• A deep-learning-based framework for fibre orientation distribution (FOD) angular super-resolution in diffusion MRI (dMRI) data.
  • The work improves the FOD angular resolution of FOD images acquired with single-shell low-angular-resolution dMRI data to approximate the quality of multi-shell high-angular-resolution dMRI FODs.
  • Achieves super-resolution without requiring high b-values.
  • Authors demonstrate the benefits of their super-resolved FODs in tractography and connectomics.


The fiber orientation distribution is optimally estimated from high angular resolution diffusion imaging (HARDI) data. However, acquiring HARDI data is time consuming, and not frequent in clinical practice. Thus, the accuracy of the tractography products computed using clinical data is limited.

Authors propose a FOD network (FOD-Net), a deep-learning-based FOD angular super resolution method that directly enhances FOD data from single-shell low angular resolution imaging data to obtain the super-resolved FOD data equivalent to those derived from high-quality multi-shell HARDI acquisitions.


Authors use of a 3D convolutional neural network (CNN) as their model.

The FOD-Net architecture consists of:

  • 5 convolutional layers
  • 2 fully connected layers
  • 5 five spherical harmonic coefficient blocks (SHCB) (one per SH expansion order).

The input to the network are the SH expansion coefficients, which can be set to a fixed length regardless of the number of gradient encoding directions. The network outputs the super-resolved version of the central voxel of the input patch.

The coefficients are normalized to avoid high order SH terms to have values close to zero. The data is split into fixed size patches to feed it to the network.


  • 110 subjects from the Human Connectome Project (HCP): the original multi-shell acquisition data was used as to generate the multi-shell multi-tissue (MSMT) ground truth FODs, and the single-shell three-tissue (SS3T) method applied on a subsampled version of the data was used as the signal to compute the FODs and feed the network.
  • Local clinical 3 T scanner for generalization.


  • FOD-Net yields larger improvements in crossing-fibre regions than coherent single fiber regions, which indicates that ambiguities generated by a high number of crossing-fibre voxels were successfully resolved by FOD-Net.
  • FOD-Net removes spurious fibers and recovers missing fiber tracts in anatomical regions of interest.
  • More reliable connectomes are generated by the enhanced fiber orientation map.
  • FOD-Net has good generalization capability.
  • The method is reproducible at test-retest.

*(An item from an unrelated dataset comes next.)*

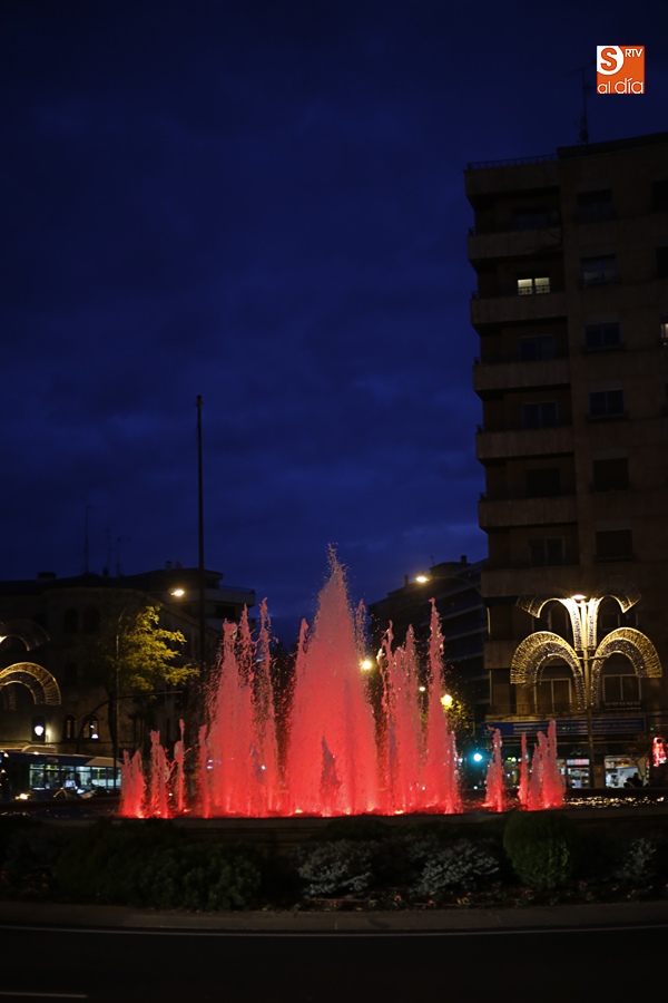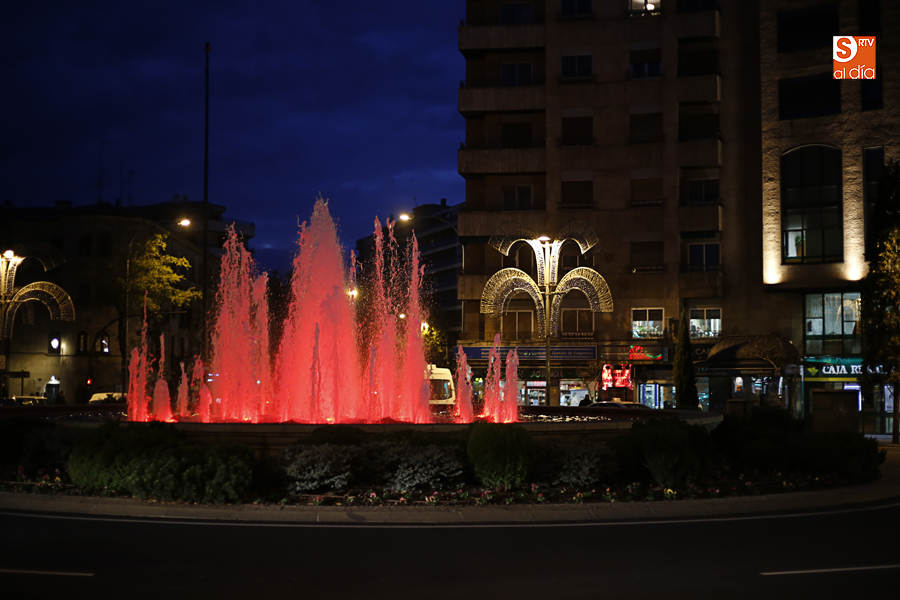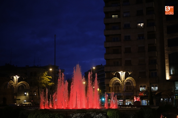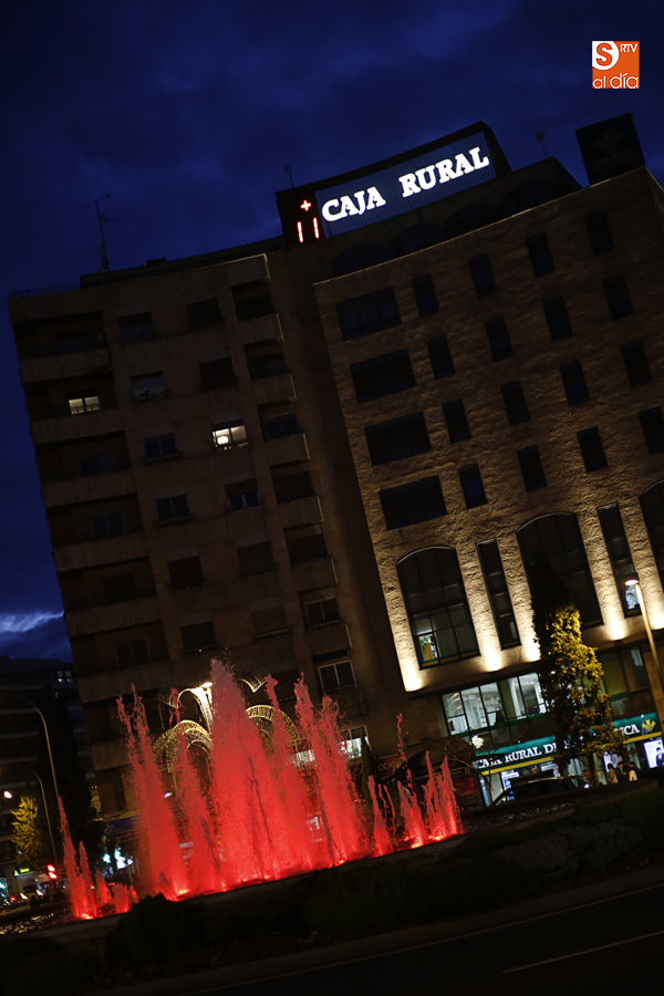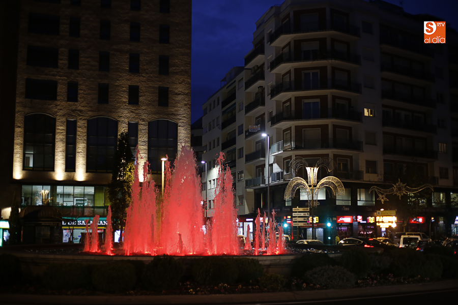 El Ayuntamiento de Salamanca ha iluminado esta noche de color rojo la fuente de la Puerta Zamora con motivo del Día Mundial del SIDA con el que se pretende concienciar a la sociedad sobre los múltiples aspectos de la infección VIH/SIDA.

FOD-Net produces FODs of equivalent quality to those produced from more advanced multi-shell HARDI data, but requires only a fraction of the dMRI data.

The use of SH coefficient patches provides the network some spatial context information, and might be thought as compensating the lack of angular contrast.


  • Being superior to SS3T-computed FODs is expected if the network learns to map to MSMT-computed FODs.

  • While not the first work using low angular resolution data to predict super-resolution FODs (or DTI) (see e.g. here, here, or here, or here, or other works authors cite whose purpose is the same using different input data or exactly the same SH coefficients), the work is interesting and provides extensive evidence about the feasibility of the approach for various tractography tasks.

Peak error computed by the absolute difference between the amplitude of a FOD estimate at the maximum peak and its corresponding ‘ground-truth’.

  • Not sure how that explains that the error is lower for fiber crossing, which seems counter-intuitive, unless a given error is distributed/averaged across the multiple peaks, which is not implied by the statement.
  • FOD-Net removes spurious fibers and recovers missing fiber tracts in anatomical regions of interest.
  • This is unclear; the network does not remove them per se, since the learned FODs resolve fiber crossings better, this is built-in or a by-product.

  • It would have been informative to measure the quality (e.g. OR, OL, etc.) of the produced tractograms.

  • It is unclear why authors used TractSeg for the tractography analysis but then use iFOD2 for the connectome analysis. It is also unclear if they applied SIFT2 to the tractograms generated with FODNet, which may weaken the previous statement about removing spurious fibers or might hinder to asses FODNet’s effect on the connectome since SIFT2 weighs the streamlines based on the information provided FOD: if FODs are better, then there would be less need of using SIFT2.

  • The method takes two weeks to converge (on 2 Tesla V100 GPUs).